Bankruptcy lawyers representing clients affected by the 17-month-old cryptocurrency exchange FTX meltdown believe most will receive their money back plus interest
The information was released approximately eight months after former CEO and co-founder of FTX Sam Bankman-Fried (SBF) was convicted on seven counts pertaining to money laundering, fraud, and conspiracy.
During that time, approximately $8 billion in customer funds went missing. In March, SBF was sentenced to 25 years in prison and ordered to forfeit $11 billion. The cryptocurrency magnate lodged an appeal last month, which may last for years.
Following its bankruptcy filing in late 2022, SBF ceased operations and appointed U.S. attorney John J. Ray III as CEO and “chief restructuring officer,” with the responsibility of supervising the reorganization of FTX.
Shortly after assuming leadership, Ray stated in testimony that he did not “trust a single piece of paper in this organization,” notwithstanding some of the audits that had been conducted previously at FTX.
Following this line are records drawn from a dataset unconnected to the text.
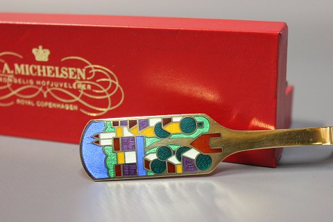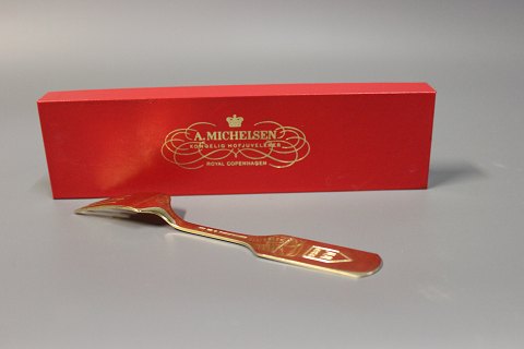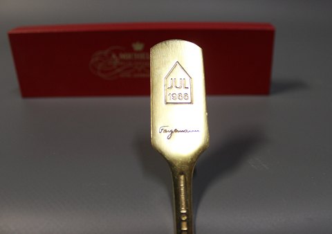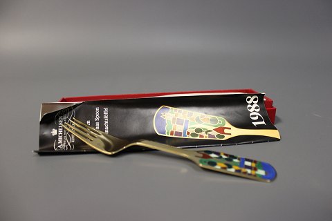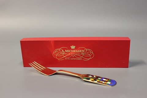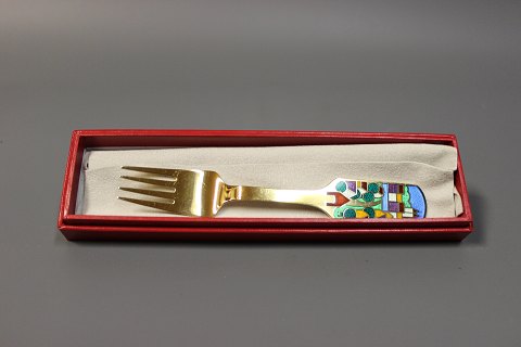 SoldChristmas fork by A. Michelsen from 1988, gilded sterling silver 925 s. The fork is with the motif "The City" and designed by Knud Erik Færgemann.
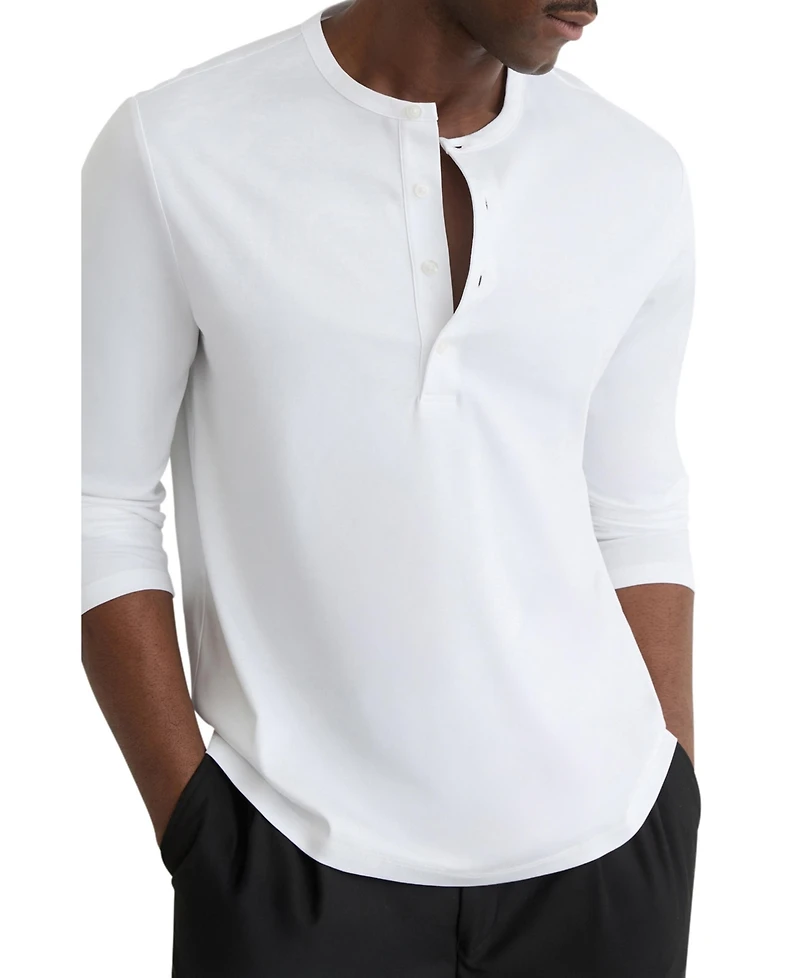The Cameron Henley is crafted from airwater cotton jersey, offering a smooth, breathable feel with a premium finish. It has a collarless round neckline and a half-button placket.
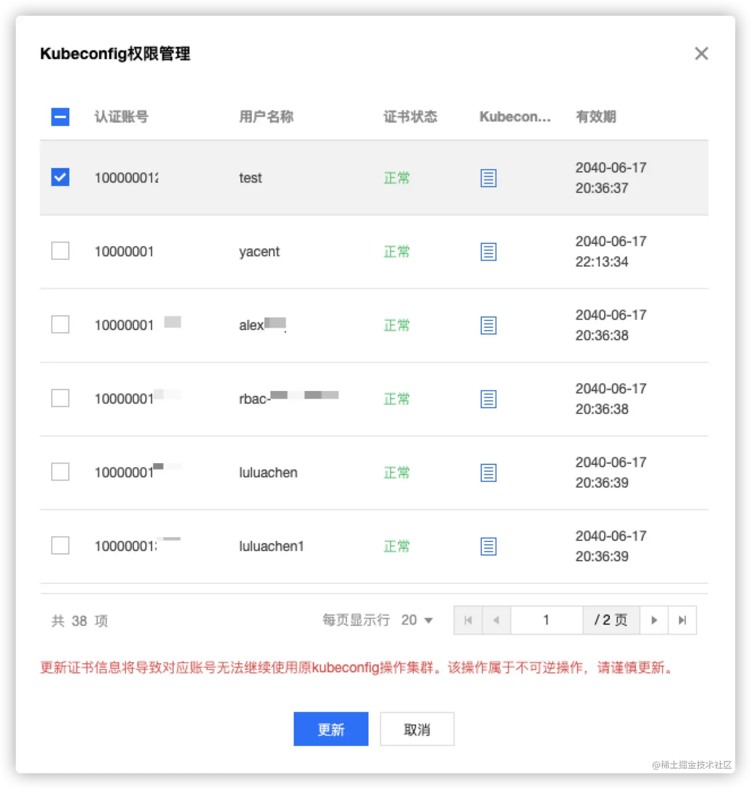 更新自己的证书。 - 支持主账户或集群tke:admin权限的账户进行
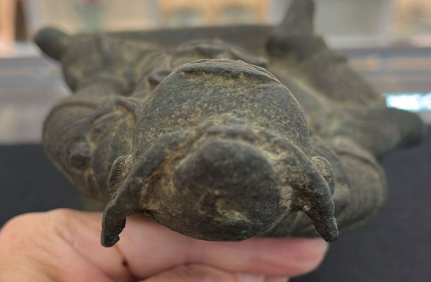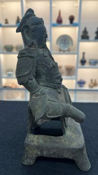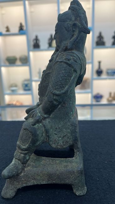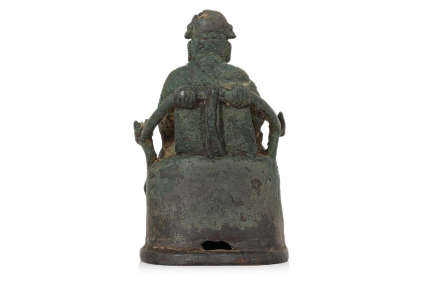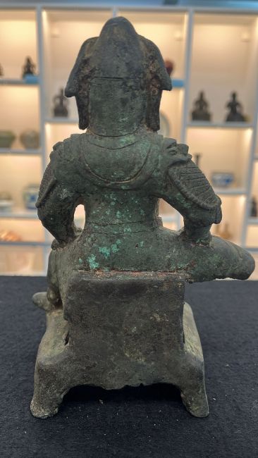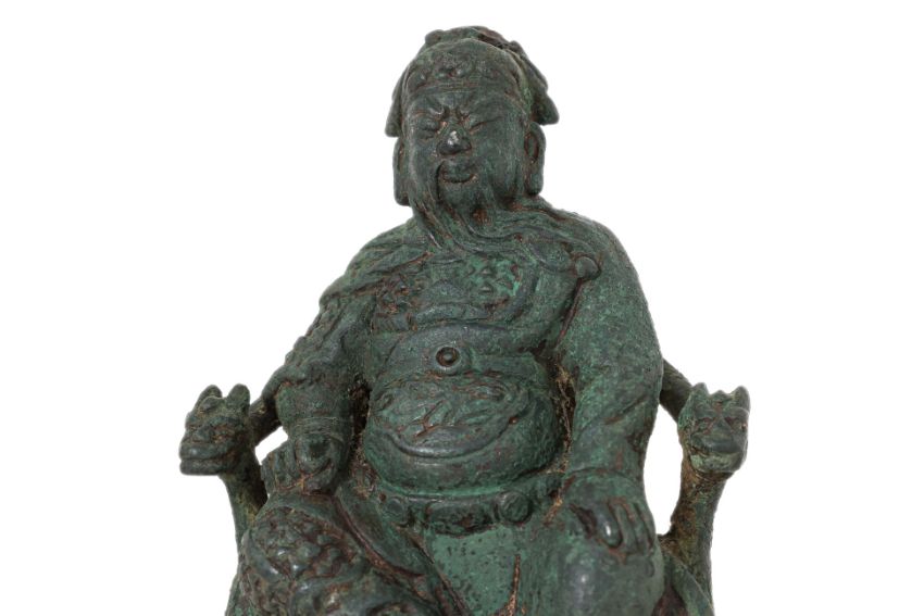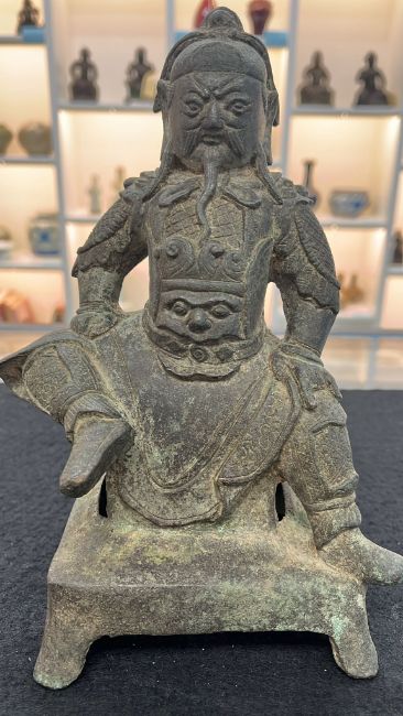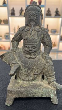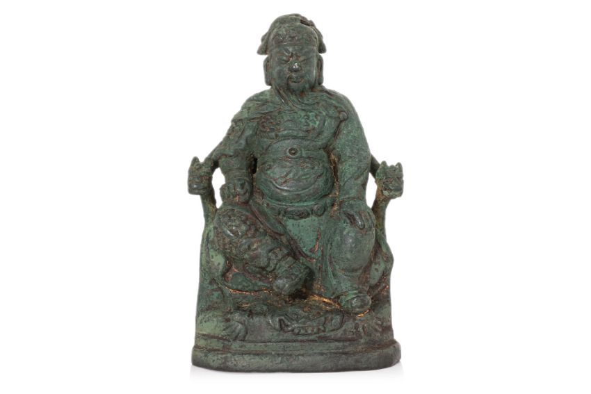 A BRONZE FIGURE OF GUANDI SEATED ON A HORSEHOE THRONE
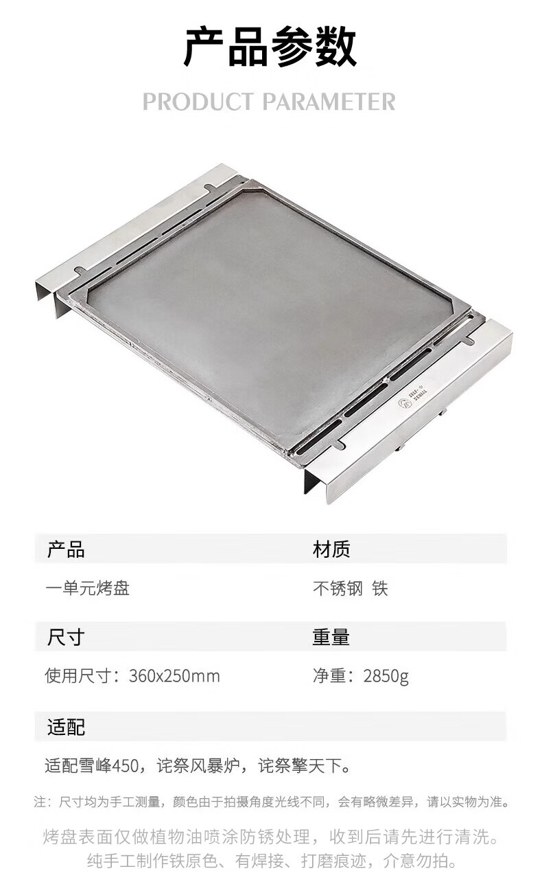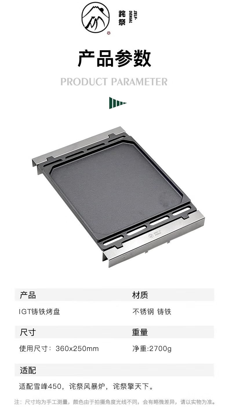 BK詫祭户外IGT一单位铸铁烧烤盘适配暴风炉雪峰GS450铁板烧煎烤盘 gs450用铸铁烤盘

Ray and his team spent the subsequent months attempting to recover the missing funds, allocating approximately $8 billion in venture capital investments, political contributions, and real estate—including a $500 million bet in artificial intelligence (AI) firm Anthropic prior to the generative AI boom—which the FTX estate sold for $884 million earlier this year.
At first, it appeared improbable that investors would recover a significant portion, if any, of their capital. However, indications in recent months have suggested that positive developments may be forthcoming, as FTX has made strides in recovering cash through a variety of investments and from company executives.
98% of FTX creditors will receive 118% of the value of their FTX-stored assets in cash, while the remaining creditors will receive 100% plus “billions in compensation for the time value of their investments,” the FTX estate announced in a press release today.
FTX anticipates disbursing a cumulative sum of $14.5 to $16.3 billion in cash. This amount comprises assets presently under the jurisdiction of the United States Department of Justice, chapter 11 debtors, liquidators, the Securities Commission of The Bahamas, and other relevant entities.
Although the relevant bankruptcy court must approve the reorganization plan, the company asserts that its goal is to resolve all pending disputes with the government and stakeholders “without costly and protracted litigation.”Notably, creditors will not profit from the Bitcoin surge that has ensued in the cryptocurrency industry since FTX failed.
FTX filed for bankruptcy with a substantial shortfall in Bitcoin and Ethereum, which was significantly less than what its clients believed it to be worth.
Consequently, the value appreciation of these tokens will not be reflected in this settlement.